Image Credit: Governor General of New Zealand
On the 15th of March a lone gunman perpetrated the biggest mass shooting in the modern history of New Zealand. The response of authorities and the government to this terrorist attack of unprecedented scale was praised by many, and may show a stark contrast to the US. Therefore, both the immediate, and long term aftermath present an interesting story of how a small nation battles terrorism. A few days after the attack Prime Minister Jacinda Ardern, in a speech to parliament, asked the public not to mention the attacker by name, this philosophy will be followed by this article.

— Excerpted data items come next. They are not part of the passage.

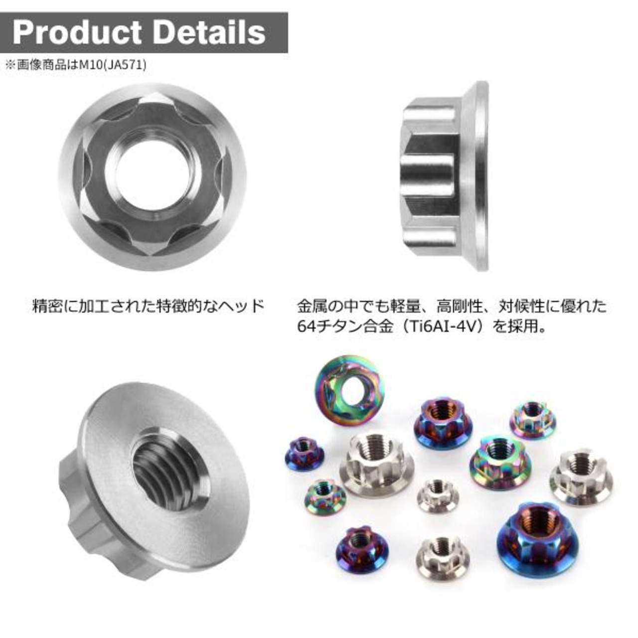 チタンナット M8 P1.25 六角ナット デザインナット フランジ付き セレート無し シルバーカラー 1個 JA568
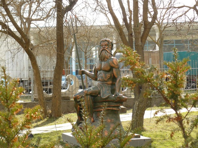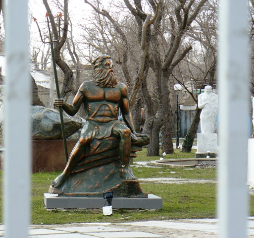 В Евпатории под окнами общеобразовательной школы собрались вместе: голая женщина, писающий мальчик и царь с трезубцем в руках. Только не подумайте ничего плохого. За высоким металлическим забором в сквере Шелковичном, где раньше мальчишки лазали по деревьям за красной, белой и черной шелковицей, а учителя ботаники разводили тутового шелкопряда, теперь поселились скульптуры. Летом музей городской скульптуры работает с утра и до вечера, а в межсезонье открытыми ворота мне ни разу не удалось увидеть. Вполне, возможно, что мое передвижение по старой Евпатории никак не вписывалось в график работы музея. Не стало исключением и 3–е марта. Сегодня ворота музея, оказались наглухо закрытыми, и мне ничего не оставалось делать, как достать из сумки фотоаппарат с телеобъективом. Первым в кадр попал морской царь Нептун с трезубцем в руках. Потом две обнаженные дамы и писающий мальчик…
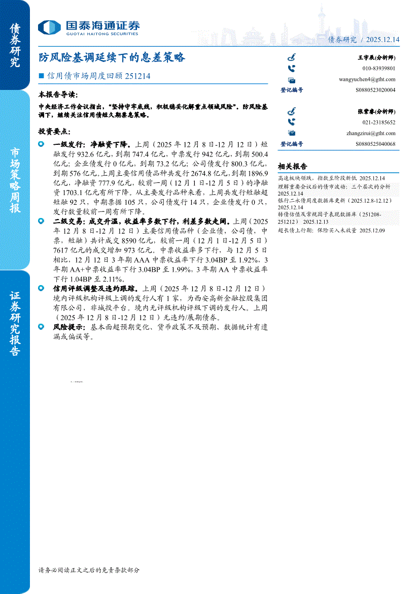 国泰海通证券-信用债市场周度回顾:防风险基调延续下的息差策略-251214

Criticism of the New Zealand’s secret services have been abundant in the short aftermath of the attack. However, even if they might share responsibility for failing to prevent the massacre, the Christchurch police responded with incredible speed. The attack started at 1:40, the first emergency call came in at 1:41 and by 2:02 the suspect was in custody. Although the quick response was also attributed to some luck, experts have described the response time as exemplary. This is underlined by the fact that there were less active officers on duty at that time than victims, but the emergency services still managed to fulfil their duties and save lives.
On a larger scale, the government responded by raising the terrorism level to high,the first time in New Zealand history, and launched an official Royal Commission of Inquiry on the 25th of March with the aim of examining whether the secret services could have foreseen and stopped the attack. There was, however, a previously unseen challenge that the government had to face, namely the 17 minutes of footage streamed by the attacker, which was quickly picked up and started circulating the internet. First, officials asked internet users to delete or report any copies they came across. Second, the New Zealand Office of Film and Literature Classification quickly classified the video as “objectionable”, making it illegal to distribute copy, or exhibit the video. Social media platforms responded in a quick manner, nevertheless a controversy developed on the question of to what extent should these sites take responsibility for extremist content.

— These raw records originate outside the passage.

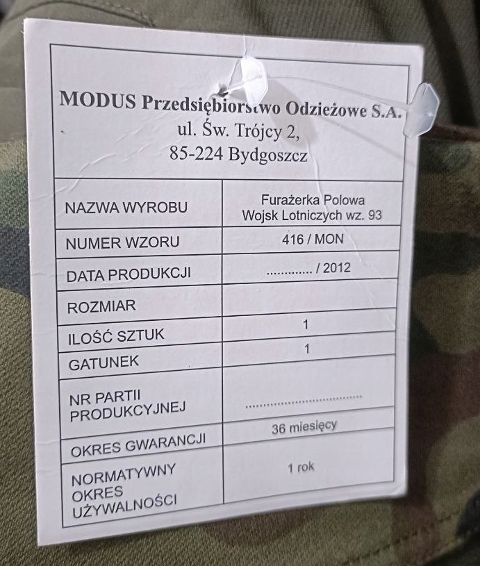 Просматривая «FURAŻERKA POLOWA WOJSK LOTNICZYCH WP 416/MON R:55», вы можете быть уверены, что данный товар из каталога «[rubrica_name]» будет доставлен из Польши и проверен на целостность. В цене товара, указанной на сайте, учтена доставка из Польши. Внимание!!! Товары для Евросоюза, согласно законодательству стран Евросоюза, могут отличаться упаковкой или наполнением.
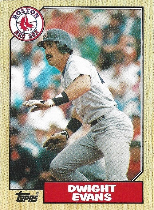 I believe that in this 1987 baseball card Dewey Evans has just released his bat. It’s a moment that was a long time coming in the progression of baseball cards in my collection. My life, or at least the part when I started being able to remember, began with baseball cards, and Dewey Evans was always there, and he was always, except for the last year in which I heavily collected cards, holding a bat. In his 1975 card, from when I was seven and first starting to collect cards and root for the Red Sox, Dewey is holding a bat, a posed shot. He strikes a similar bat-holding pose in his 1976 card. His 1977 card also shows him holding bat, this time in a game and from the side, showing him staring out at the pitcher and in the upright batting stance he used before he started remaking himself as a hitter under the demanding eye of hitting guru Walt Hriniak. In his 1978 card he’s back to a posed shot, his bat again perched over his right shoulder. In 1979, another posed shot, the bat is still there, now resting on his shoulder. In 1980, finally, no bat is included in his photo, and his expression as he looks off to the side is as if something has been taken away from him.
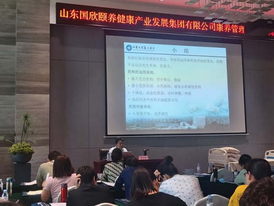 5月22日上午,受国欣颐养集团邀请,AC米兰中文官方网站副院长周庆博教授为国欣颐养集团康养管理人才培训班授课,国欣集团权属医疗机构优秀管理人才共50余人参加培训。周庆博教授等老师主讲了《医养结合养老机构老年人护理特点》、《老年人慢性病用药管理》等课程,帮助参训人员启发新思维、增长新知识、找到新方法,进一步提升国欣集团养老服务机构的管理水平和服务技能。
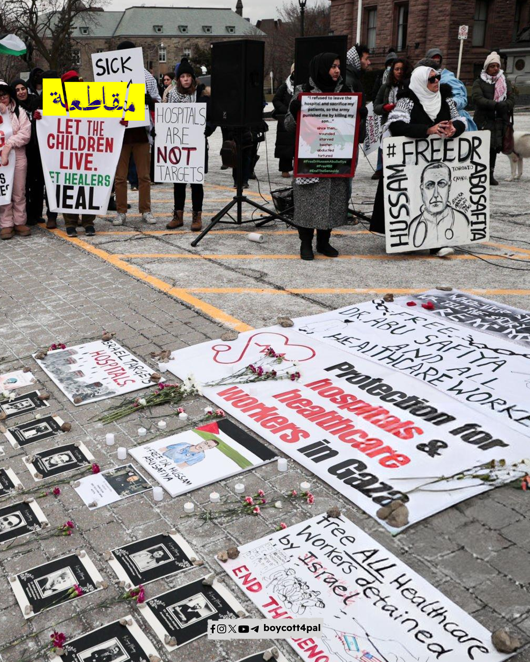 تجمع متظاهرون مؤيدون للفلسطينيين أمس الأحد خارج الجمعية التشريعية في أونتاريو بكندا ، للاحتجاج على الهجمات الإسرائيلية في غزة والمطالبة بالإفراج عن مدير مستشفى كمال عدوان، الدكتور حسام أبو صفية وجميع العاملين في القطاع الصحي. وحمل المتظاهرون لافتات كتب عليها "الصحة لغزة، أوقفوا الإبادة الجماعية" و"الرعاية الصحية ليست جريمة". كما طالبوا بفرض حظر على الأسلحة وقطع العلاقات الدبلوماسية مع الاحتلال.
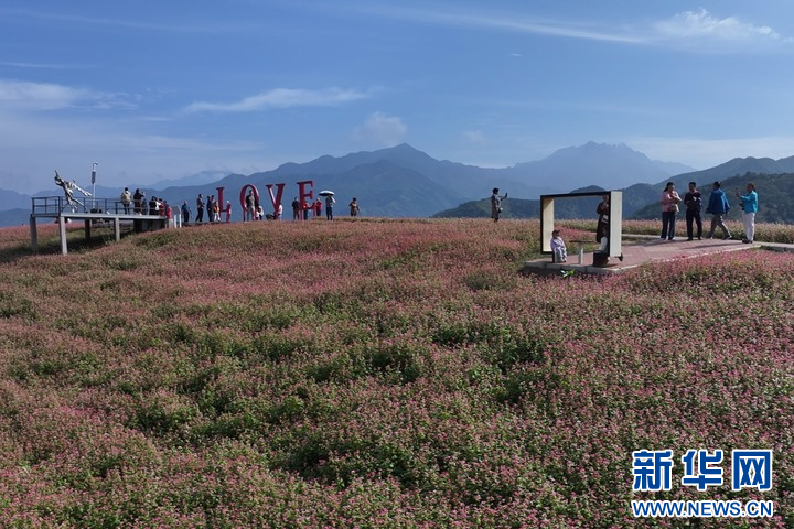 新华社西安6月6日电(记者张斌、林胜概、安展)每到初夏,陕西省西安市蓝田县九间房镇峪口村的千亩荞麦花就会铺满山坡,微风拂过,粉白色的花海泛起阵阵涟漪,与苍翠的秦岭相互交织,绘出一幅诗意的风光画卷。
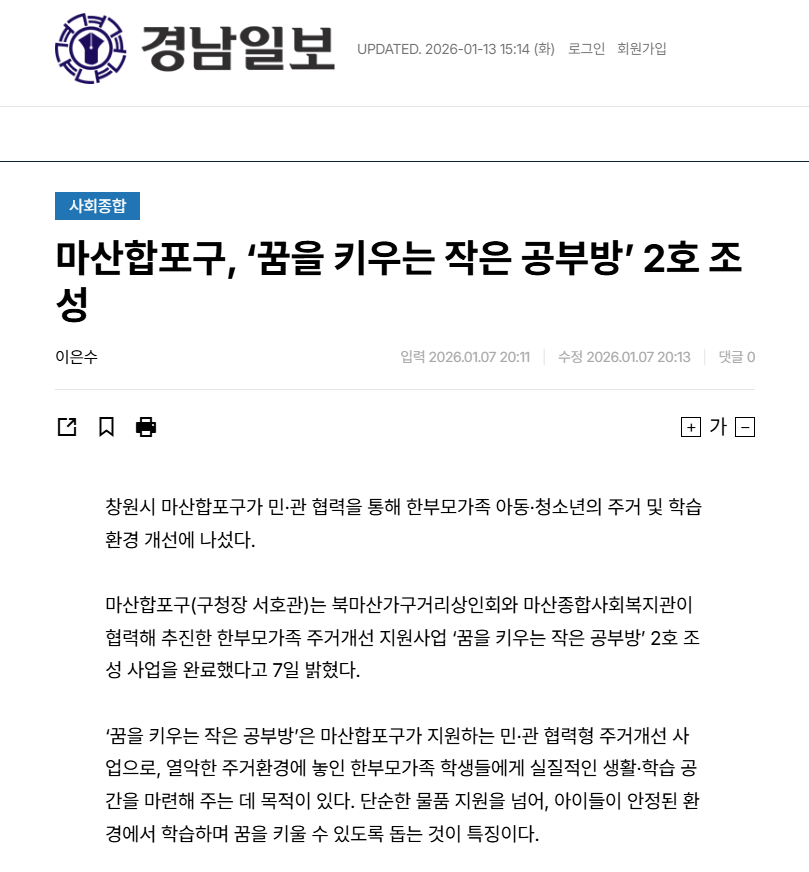 ‘꿈을 키우는 작은 공부방’은 마산합포구가 지원하는 민·관 협력형 주거개선 사업으로, 열악한 주거환경에 놓인 한부모가족 학생들에게 실질적인 생활·학습 공간을 마련해 주는 데 목적이 있다. 단순한 물품 지원을 넘어, 아이들이 안정된 환경에서 학습하며 꿈을 키울 수 있도록 돕는 것이 특징이다.
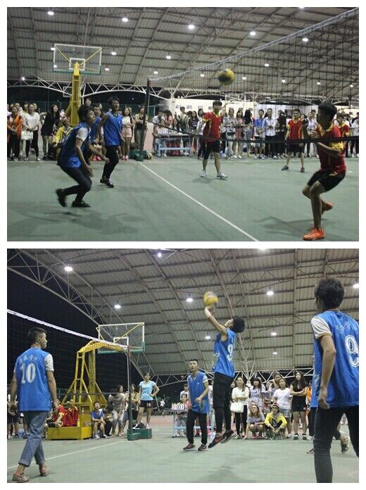 未开赛之前,气氛已经相当激烈,每位队员都做着热身运动,“战争”一出即发,观看的同学聚集在赛场周围翘首以待。双方队员各施绝技,相互配合,相互鼓励,积极配合,奉献了一场精彩绝伦的比赛,让在场的观众欢呼不已。外国语公司先发一球,拿下了漂亮的一分,公司男子队也不示弱,接着回击一球,取得了球权。明陞m88官方网站的女队员们更是“巾帼不让须眉”与传媒公司展开激烈的斗争,尽管我们不是专业队员但热情高涨。场下的拉拉队加油助威声一浪高过一浪。

In contrast with the US, there were two major differences in New Zealand’s reaction to the attack. First was its classification of the incident as a “terrorist” act which in the US generally is attributed only to attackers of a specific religion or skin colour. Second, was the PM’s quick announcement that “Our gun laws will change, now is the time … People will be seeking change, and I am committed to that”, which came on the day of the attack. This was a recognition of a problem, and a promise for a solution. Not only was the availability of semi-automatic rifles criticised, but also the generally loose gun laws received significant scrutiny.
Although obtaining a firearms license in New Zealand involves Police background checks, and weapons safety training, statistics show that declining applications was uncommon. In 2017 out of 43,509 requests only 188 were declined. Furthermore, New Zealand is the only country except the United States which does not register 96% of its firearms. To make matters worse, a police report from two years ago warned of the potential dangers of such legislation underlining that such laws opened the way to “criminal harm”, especially since “purchase of high-capacity magazines is unregulated and does not require a firearms licence”. It was unfortunately with these magazines that the attacker was capable to cause such damage.

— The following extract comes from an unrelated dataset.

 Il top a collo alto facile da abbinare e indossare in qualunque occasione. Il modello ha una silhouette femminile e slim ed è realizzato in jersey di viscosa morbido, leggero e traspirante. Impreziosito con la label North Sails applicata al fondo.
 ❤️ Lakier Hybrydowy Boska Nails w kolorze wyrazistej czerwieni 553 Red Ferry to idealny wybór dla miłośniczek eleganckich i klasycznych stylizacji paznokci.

In light of these problems on the 4th of April a proposal passed the first reading in the parliament that attempts to address these deficiencies. On the official website the brief proposes “expanding the category of firearms that are prohibited to include most semi-automatic firearms and some shotguns”. Furthermore, “To allow prohibited items to be removed safely from the community, this bill will set up an amnesty for people to surrender them to licensed dealers and the Police”. The fact that it was put through parliament so quickly, with the final vote happening on the 10th of April, is a sign of the success of bipartisan cooperation, and it is a prominent example that other countries may want to follow.